Complete May 2026 Bank Holiday List
| Date | Day | Occasion | States/Regions Affected |
|---|---|---|---|
| May 1 | Friday | Maharashtra Day / May Day / Buddha Purnima | Most of India |
| May 3 | Sunday | Weekend | All India |
| May 9 | Saturday | Second Saturday | All India |
| May 10 | Sunday | Weekend | All India |
| May 16 | Saturday | Sikkim Statehood Day | Sikkim |
| May 17 | Sunday | Weekend | All India |
| May 23 | Saturday | Fourth Saturday | All India |
| May 24 | Sunday | Weekend | All India |
| May 26 | Tuesday | Kazi Nazrul Islam Birthday | West Bengal |
| May 27 | Wednesday | Bakrid / Eid al-Adha | Most of India |
| May 28 | Thursday | Bakrid (Second Day) | J&K, Kerala, select states |
| May 31 | Sunday | Weekend | All India |
Maharashtra and West Bengal have a busier month than most
Maharashtra gets the May 1 disruption clearly because Maharashtra Day is one of the main reasons branches will be closed that Friday. West Bengal gets an extra interruption on May 26 for Kazi Nazrul Islam's birthday. If you bank locally in these states and still depend on branch work for some things, your usable working windows get narrower than the rest of the country.
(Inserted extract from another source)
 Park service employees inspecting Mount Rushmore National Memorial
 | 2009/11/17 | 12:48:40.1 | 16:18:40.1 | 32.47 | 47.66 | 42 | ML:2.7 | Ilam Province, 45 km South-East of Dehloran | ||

The May 27-28 Bakrid cluster matters more than it looks
In J&K and Kerala, the May 27-28 Bakrid cluster sits close enough to the May 23-24 weekend that the effective operational window around month-end becomes broken and patchy. That matters because month-end is when people push transactions they should have done earlier — rent top-ups, vendor payments, EMI funding, FD instructions, cheque deposits. If anything around May 29-31 is important for you, initiate it by May 26.
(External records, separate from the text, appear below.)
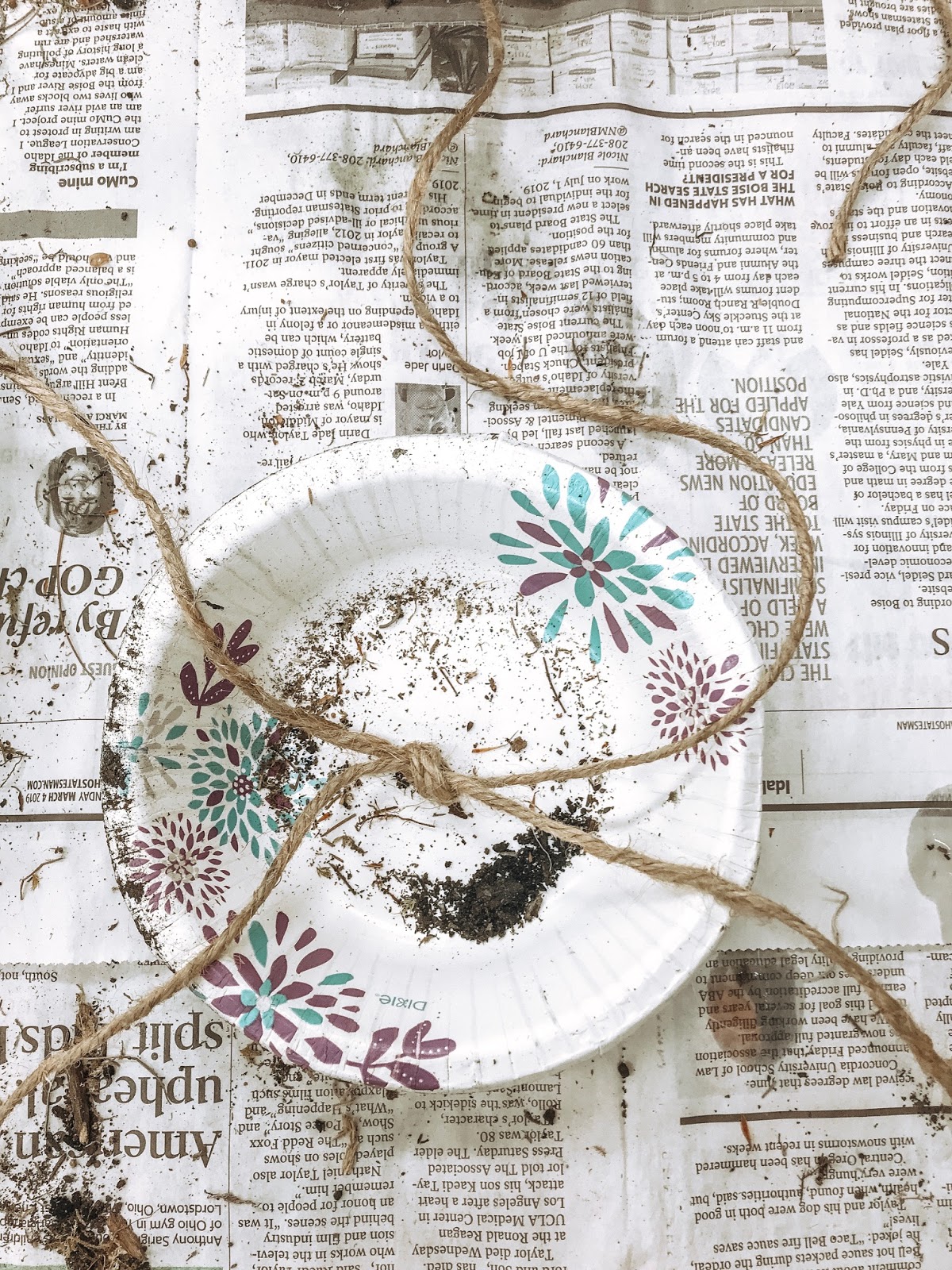 Now we tie it all up in a ball. Taking the four strands of twine that created your X, crisscross the strands and tie in a tight knot around your plant. Continue to crisscross and knot your strands of twine until you feel like the plant is tightly secured.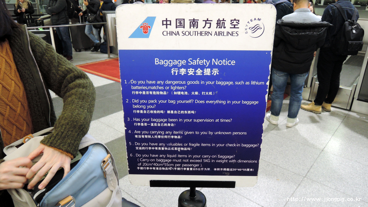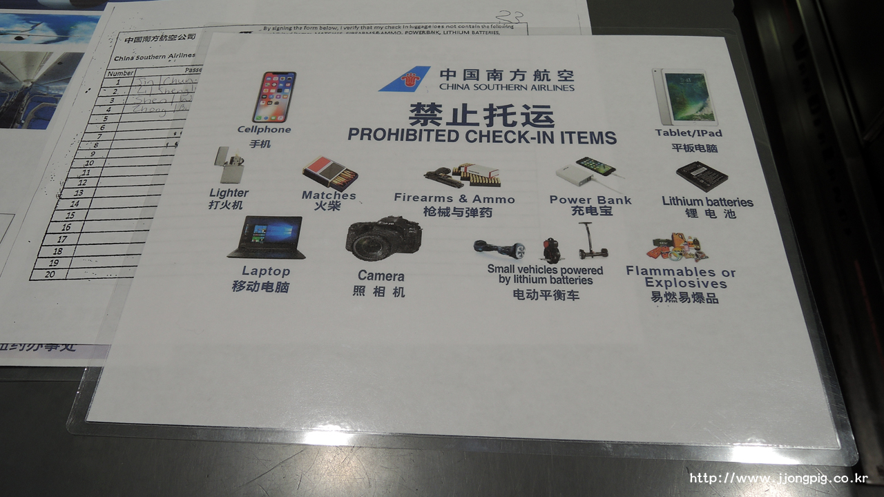중국남방항공 홈페이지에는 그런 안내도 없었고,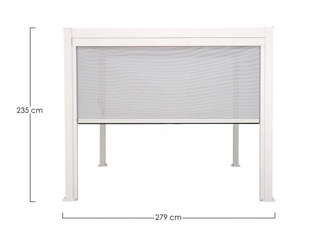 **Opis proizvoda: Pergola Ocean Stran 3M bijela** Pripremite svoj vanjski prostor za udobnost i eleganciju s Pergola Ocean Stran. Ova moderna i funkcionalna pergola dizajnirana je za zaštitu od sunca i omogućuje ugodan boravak na otvorenom. **Značajke proizvoda:** 1. **Konstrukcija**: Ocean Side pergola ima čvrstu i izdržljivu konstrukciju izrađenu od aluminija obloženog prahom, koji osigurava otpornost na vremenske uvjete i koroziju. Aluminij je presvučen poliesterom za dodatnu zaštitu i dobar izgled. 2. **Tekstil**: Pergola ima visokokvalitetna sjenila izrađena od 2X2 tekstila, koja učinkovito štite od sunca i pružaju ugodnu zasjenu i zaštitu. 3. **Funkcionalnost**: Paravan za pergolu se ručno izvlači i sprema kroz utor na donjoj letvi. To olakšava podešavanje zasjenjenja prema potrebama i trenutnim vremenskim uvjetima. 4. **Prilagodljivi nastavak**: Pergola uključuje podesivi nastavak koji vam omogućuje podešavanje duljine sjenila za još veću fleksibilnost i udobnost. 5. **Skrivena rola**: Zatvaranje roleta je sustav roleta koji je skriven, što pergoli daje čist i moderan izgled, a istovremeno štiti mehanizam od vremenskih nepogoda. 6. **Vijci**: Svi vijci izrađeni su od nehrđajućeg čelika, što dodatno osigurava trajnost i otpornost na koroziju. 7. **Sastavljanje**: Pergola je dizajnirana za jednostavno sastavljanje, što znači da je možete brzo i jednostavno postaviti u svoj vanjski prostor. Postavite pergolu Ocean Side na mjesto gdje želite stvoriti ugodan kutak za opuštanje, druženje ili objedovanje na otvorenom. Svojim modernim dizajnom i vrhunskom kvalitetom ova će pergola obogatiti svaki vanjski ambijent.

This list follows the RBI holiday framework — local notifications can vary
Banks broadly follow the Negotiable Instruments Act holiday calendar, but local state notifications can vary slightly by bank type. Public sector banks, private banks and cooperative banks are not always aligned. If your transaction is time-sensitive — large FD maturity, security deposit cheque, education fee draft, home loan paperwork — verify with your specific branch.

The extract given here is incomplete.